What are the main points of your company’s IT strategy?

IT for us has to facilitate the needs of the business in an ever increasing competitive landscape, it must allow the business to scale rapidly and adapt to new processes and procedures quickly and efficiently

Can you give a snapshot of how extensive your IT infrastructure is?

Our systems are capable of handling tens of millions of parts and millions of orders (we haven’t managed to test that one yet!). We run our infrastructure in conjunction with Sungard who are a large player in the market and who guarantee us 100pc uptime. This uptime is essential in any business but especially an e-commerce business. If we are down for a few minutes we can lose thousands in revenue.

In terms of managing IT budgets, what are your key thoughts on how CIOs/heads of technology should achieve their goals?

We are lucky at present in that we have a small IT team comprising six developers, an infrastructure engineer and myself. Our budgets are quite easy to manage.

How complex is the infrastructure, are you taking steps to simplify it?

Although I think our technology is simple and that it serves our needs very well, it is important to note that this technology is something that other e-commerce businesses can just dream of.

Our technology has evolved over the past 10 years and is designed to solve every conceivable issue an e-commerce business will ever come across. Of course, we also look to do things differently too and have other companies looking to how MicksGarage do things.

Do you have a large in-house IT team, or do you look to strategically outsource where possible?

All of our team is in-house. Some years ago we made a strategic decision to keep everything in-house, while it is more expensive it is also much more flexible for us. It’s “Horses for Courses” I suppose and this may not suit every business

What are some of the main responsibilities of your own role, and how much of it is spent on deep technical issues compared to the management and business side?

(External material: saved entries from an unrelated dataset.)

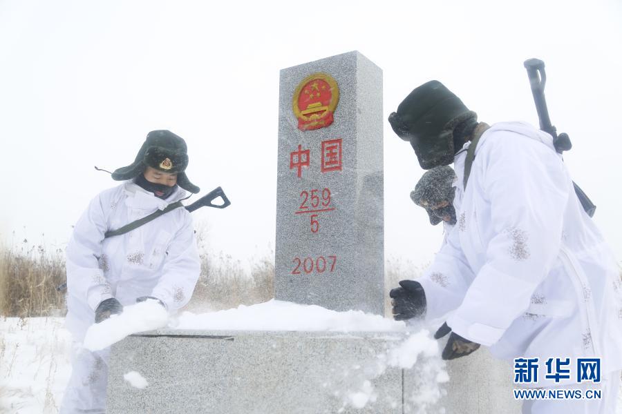 東極哨所官兵清理界碑上的積雪(2017年11月15日攝)。新華社發(fā)(李寶成 攝)
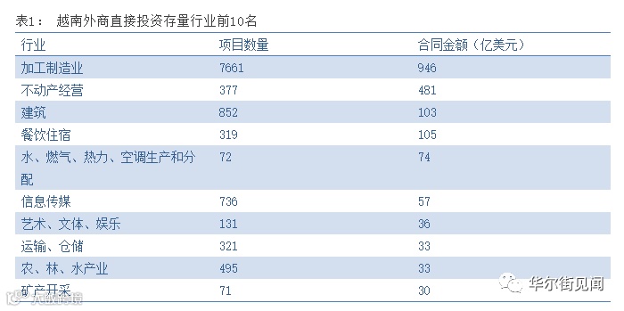 越南吸引外商投资最多的行业为制造业及加工业,占FDI流入总额的60%以上。其他投资领域还包括电力、燃气、热力及房地产行业(见表1)。在制造业中,FDI又多集中于加工贸易产业链的中低端,产品附加值较低。
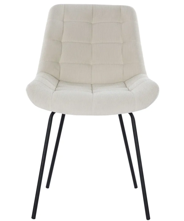 Ein Stuhl im modernen Stil mit einem cremefarbig-beigen Cord-Bezug plus einem stabilen Vierfußgestell aus schwarz pulverbeschichtetem Metall – das ist der Stuhl OLIVIA von PHILL HILL. Die Sitzhöhe des Stuhls beträgt 49,0 cm, die Breite 50,0 cm, die Gesamthöhe 79,0 cm und die Tiefe 61,0 cm.
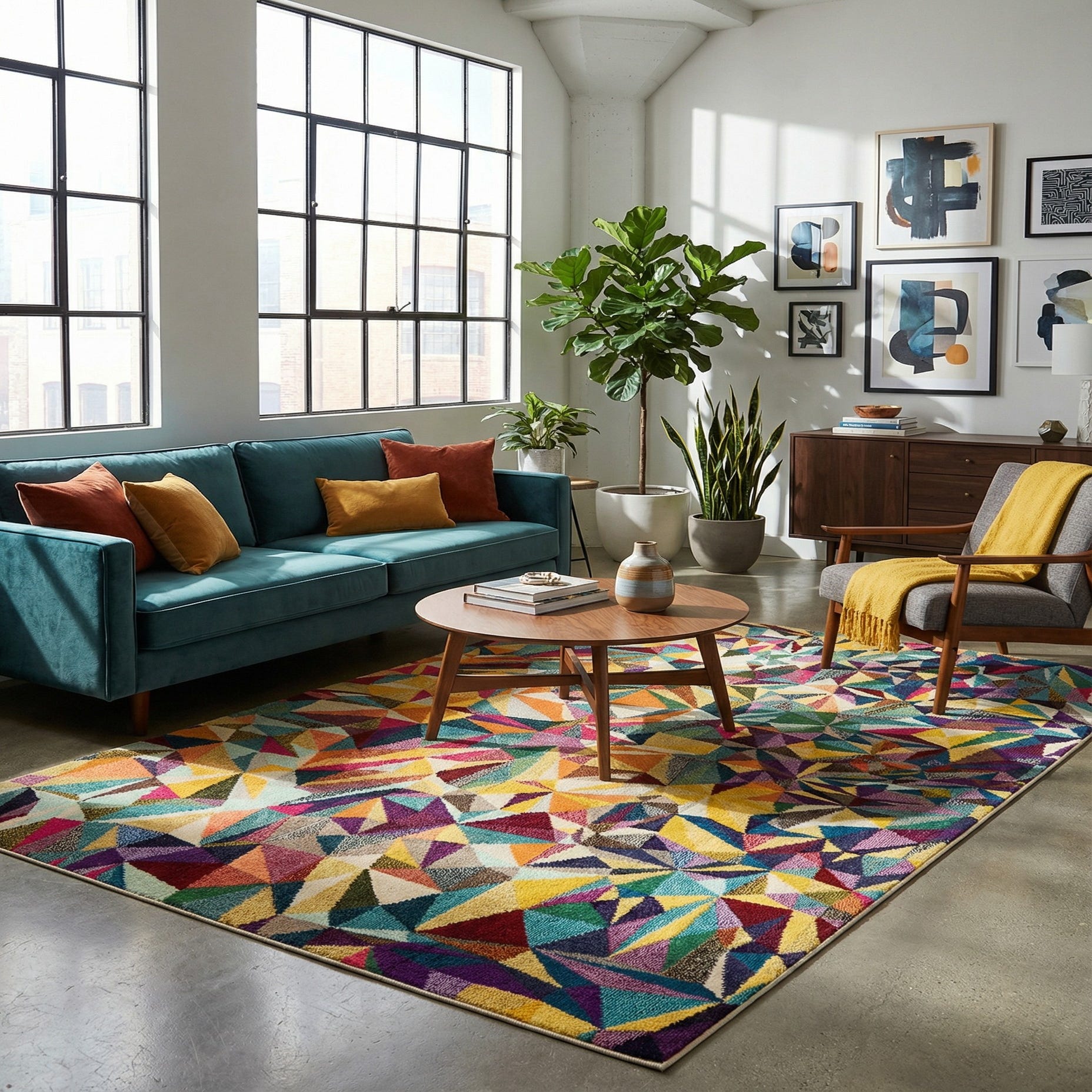 This rug brings personality to modern and eclectic interiors: use it to anchor a living room seating area beneath a coffee table, add a burst of color to a neutral bedroom, or brighten a playroom or family space. It also pairs nicely with mid-century and contemporary furnishings—contrast the busy pattern with solid, streamlined sofas or layer it over hardwood or concrete floors to introduce warmth and visual interest.

I am a developer and I love development and technology. I still spend about 50pc of my time developing or designing processes. I also oversee all operations in the business, this is natural seeing as technology drives every process and procedure in our business. There has been pressure to move away from development, but it’s what I know and what led to the business existing, why change something that works?

What are the big trends and challenges in your sector, and how do you plan to use IT to address them?

E-commerce businesses have the ability to scale very rapidly and systems need to be able to adapt very rapidly. They need to incorporate international regulations and those regulations change on a regular basis. Systems must be flexible and reflect the business environment we live in.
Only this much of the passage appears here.